North Carolina Non-Profit Organization Bylaws

Nonprofits benefit many good causes, including animal shelters.
Nonprofits benefit many good causes, including animal shelters. (Image: Thinkstock/Comstock/Getty Images)

Nonprofit organizations in North Carolina must operate in compliance with federal and state laws. These laws are designed to ensure that the mission of the organization is fulfilled, that the operations of the nonprofit are legal and transparent, and that the public is protected from fraudulent practices. Organizations must develop a set of bylaws to regulate and manage their activities.

State Code

Chapter 55A of the North Carolina State Code is known as the North Carolina Nonprofit Corporation Act. Section 55A-2-06 specifically pertains to bylaws. It states that the board of directors must institute bylaws and must provide for "regulating and managing the affairs of the corporation that is not inconsistent with law or the articles of incorporation."


Nonprofit bylaws typically address areas including: board selection and composition, term limits, qualifications, powers, duties and responsibilities, indemnification of board members, property holdings, meetings and committees, bank accounts, fiscal reports and audits, conflicts of interest and amendment and dissolution procedures.


You cannot expect to receive Internal Revenue Service (IRS) nonprofit exempt status under section 501(c)(3) unless you comply fully with its stringent requirements. This will require completion of IRS Form 1023 and inclusion of supporting documentation, including a strong business plan, articles of incorporation and bylaws.


It is important that nonprofit board members, officers and staff are indemnified against any liabilities arising from any legal action against the nonprofit, providing they have acted in good faith. Indemnification insurance is available for corporate entities, nonprofit and otherwise.
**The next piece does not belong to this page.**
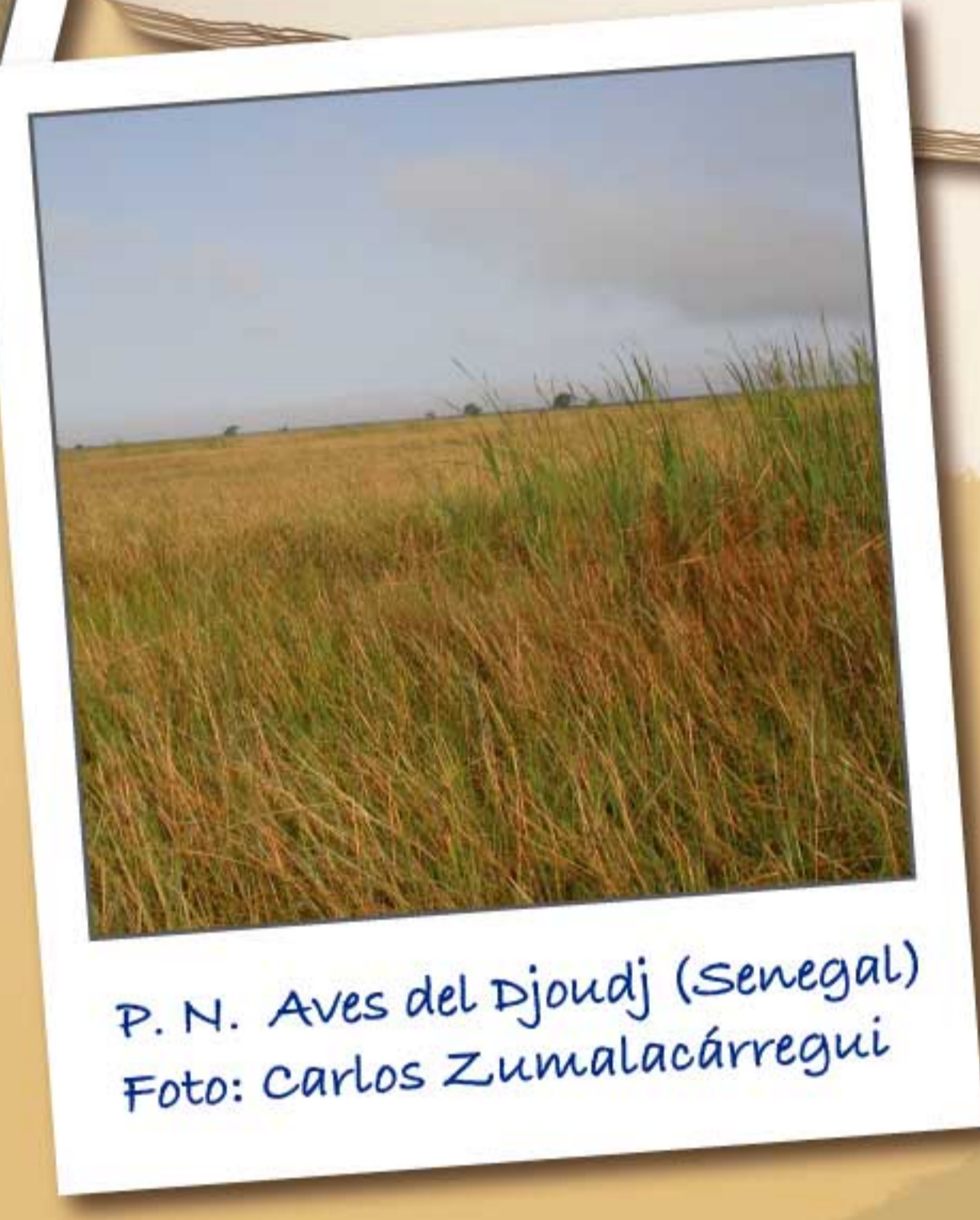
P. N. Aves del Djoudj (Senegal)

Nos contó que se había quedado atrapado en unas redes. Unos humanos, a los que llamó ornitólogos, le desengancharon y después de medirle, pesarle y ponerle una curiosa e inofensiva anilla en la pata, le soltaron. Aprendió que esas anillas tenían letras y números, como si de una clave secreta se tratase, y que servían para conocer mejor la vida de las aves y ayudarles a sobrevivir. ¡Es un presumido y se pasa el día mostrando su anilla a todo el mundo!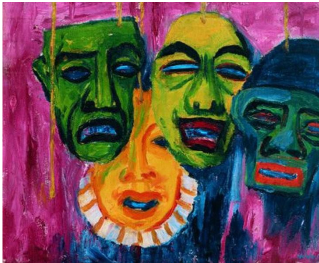
Fig. 2. Emil Nolde, Maskenstilleben II , óleo sobre tela, 65,5 x 78 cm, 1911. Coleção Ada e Emil Nolde, Seebüll.

infância da história da humanidade. Na obra de Nolde, esse pressuposto foi levado às últimas consequências, no qual alguns trabalhos de sua autoria representam figuras negras em estágio de “regressão”, assemelhando-se à macacos.

Indemnification does not allow members, officers and staff to be free from prosecution, if they have acted wilfully or unlawfully.


Setting up a nonprofit, complying with legal requisites and formulating bylaws is complex and time consuming, and if you are not experienced in the process it is easy to miss vital steps. Assistance is available from the North Carolina Center for Nonprofits, a nonprofit organization itself, which serves nonprofits in the state by providing education and advocacy.